Task requirements
All lines from the one containing "Представям ви една" through the end of the material below are to be printed exactly, both ends included, minus pictures.

Listed records
[Start of Attachment]

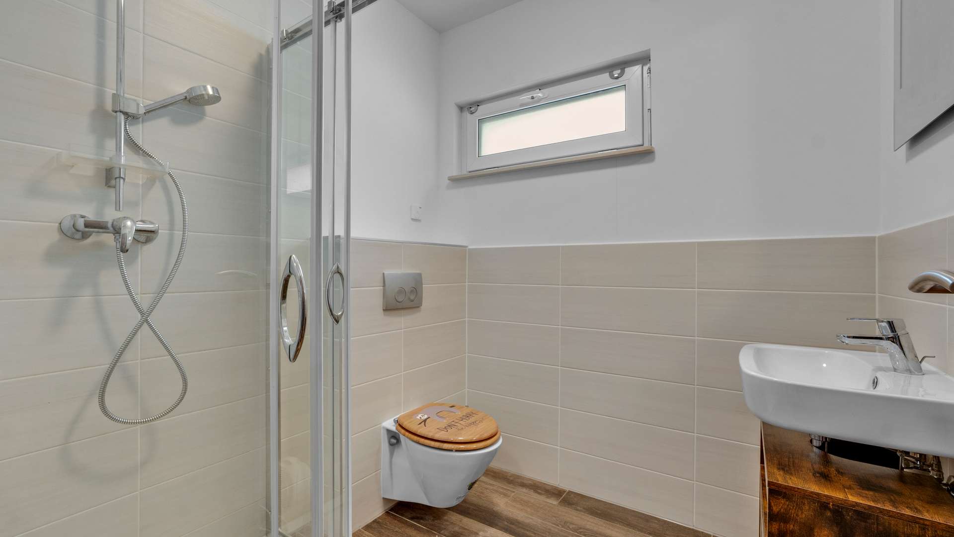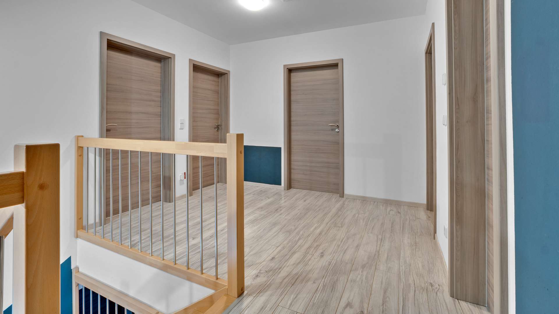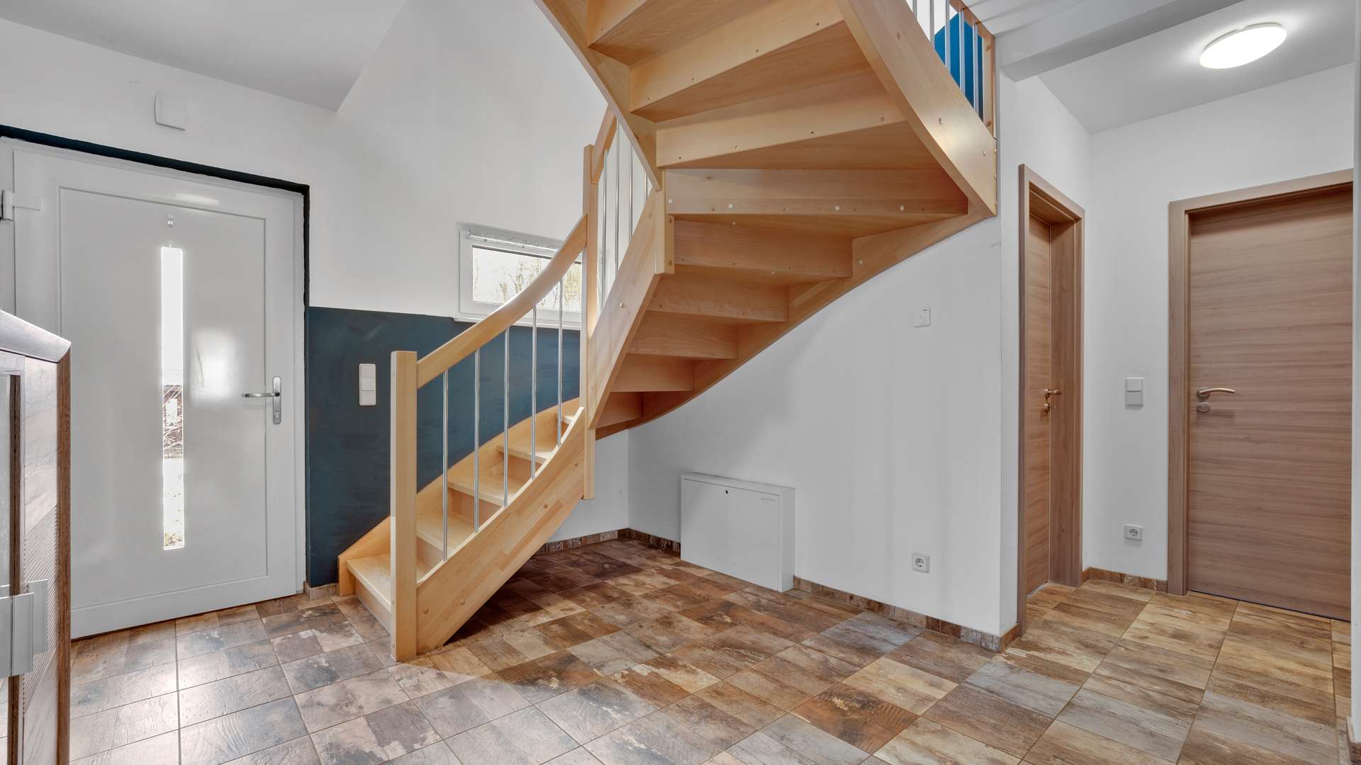 Das Erdgeschoss bietet mit einer Deckenhöhe von 2,51m einen hellen, offenen Wohnbereich. Die großzügige Diele mit gefliestem Boden und offener Holztreppe führt in ein Tageslichtbad mit Dusche, ein separates Arbeitszimmer mit bodentiefen Fenstern und Gartenzugang sowie in den großzügigen Wohn-/Essbereich mit Schwedenofen und traumhafter Aussicht in den Garten. Die angrenzende Küche ist offen gestaltet und durch eine praktische Speisekammer mit Fenster ergänzt. Der Technikraum dient auch als Hauswirtschaftsraum mit Stellplatz für Waschmaschine und Trockner. Im Obergeschoss befinden sich drei helle Schlafzimmer – zwei Kinderzimmer und ein Elternschlafzimmer – sowie ein flexibel nutzbares Gästezimmer. Die zentrale Diele verbindet die Räume effizient. Das große Familienbad überzeugt mit bodengleicher Dusche, Eckbadewanne, Handtuchheizkörper und stilvoller Ausstattung. Auch im Obergeschoss sorgen die großen Fenster für viel Licht und ein angenehmes Raumgefühl.
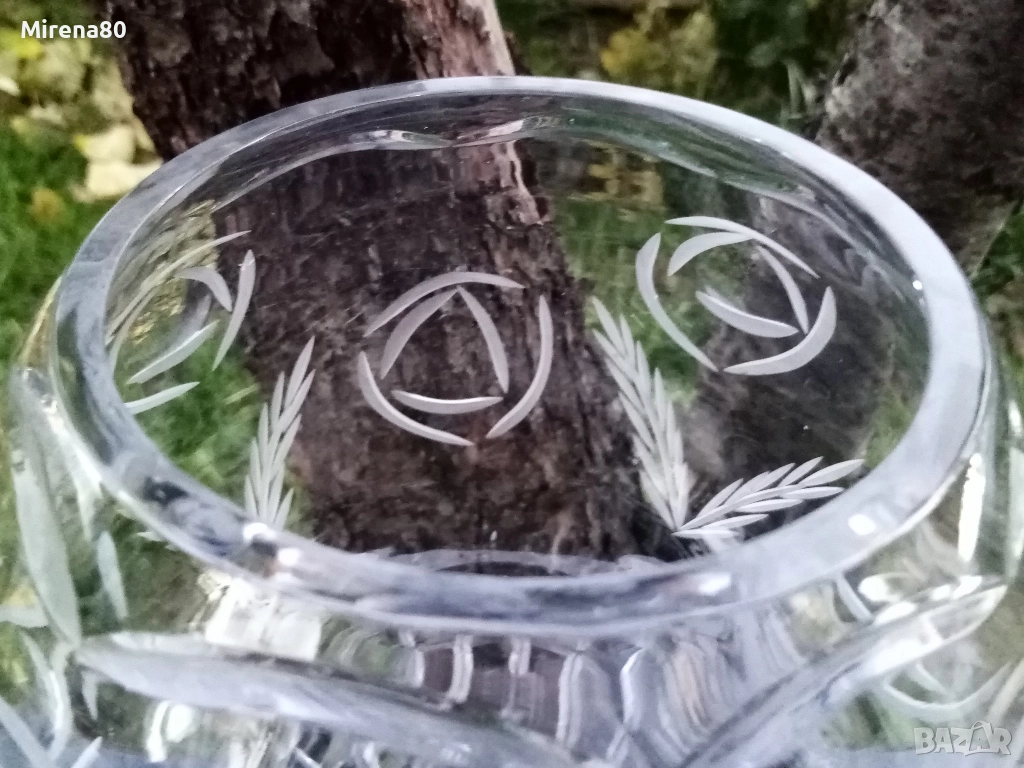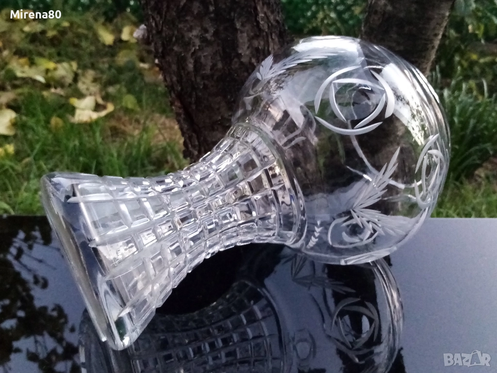 Представям ви една наистина внушителна руска красавица (съветска, ако трябва да бъдем точни). Висока 28 см, диаметър - 16 см в най-широката част, тегло - точно 2 кг ! Най-интересна е формата, заради която изглежда още по-огромна. Ръчна гравюра стилизирана роза със страхотен релеф в долната част. Безупречна !
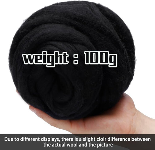 3.53oz Wool Roving Yarn, Wool Felting Supplies, Pure Wools, Chunky Yarn, Spinning Wool Roving for Needle Felting Wet Felting DIY Hand Spinning (Black)
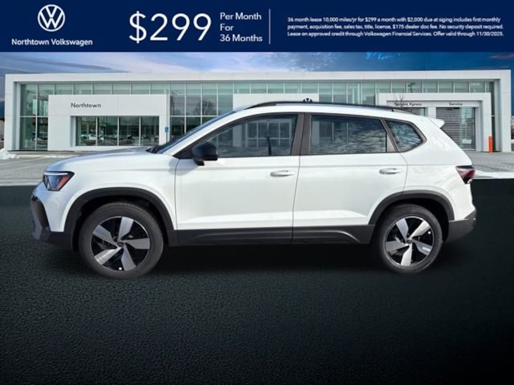 White 2025 Volkswagen Taos 1.5T S AWD 8-Speed Automatic with Tiptronic 1.5L I4 Turbocharged DOHC 16V LEV3-SULEV30 174hp
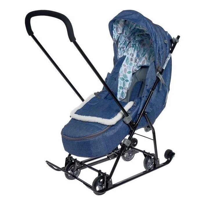 Санки-коляска Nika Наши детки 6 НДТ6, синий джинс с листочками

[End of Attachment]

Result
 Представям ви една наистина внушителна руска красавица (съветска, ако трябва да бъдем точни). Висока 28 см, диаметър - 16 см в най-широката част, тегло - точно 2 кг ! Най-интересна е формата, заради която изглежда още по-огромна. Ръчна гравюра стилизирана роза със страхотен релеф в долната част. Безупречна !
 3.53oz Wool Roving Yarn, Wool Felting Supplies, Pure Wools, Chunky Yarn, Spinning Wool Roving for Needle Felting Wet Felting DIY Hand Spinning (Black)
 White 2025 Volkswagen Taos 1.5T S AWD 8-Speed Automatic with Tiptronic 1.5L I4 Turbocharged DOHC 16V LEV3-SULEV30 174hp
 Санки-коляска Nika Наши детки 6 НДТ6, синий джинс с листочками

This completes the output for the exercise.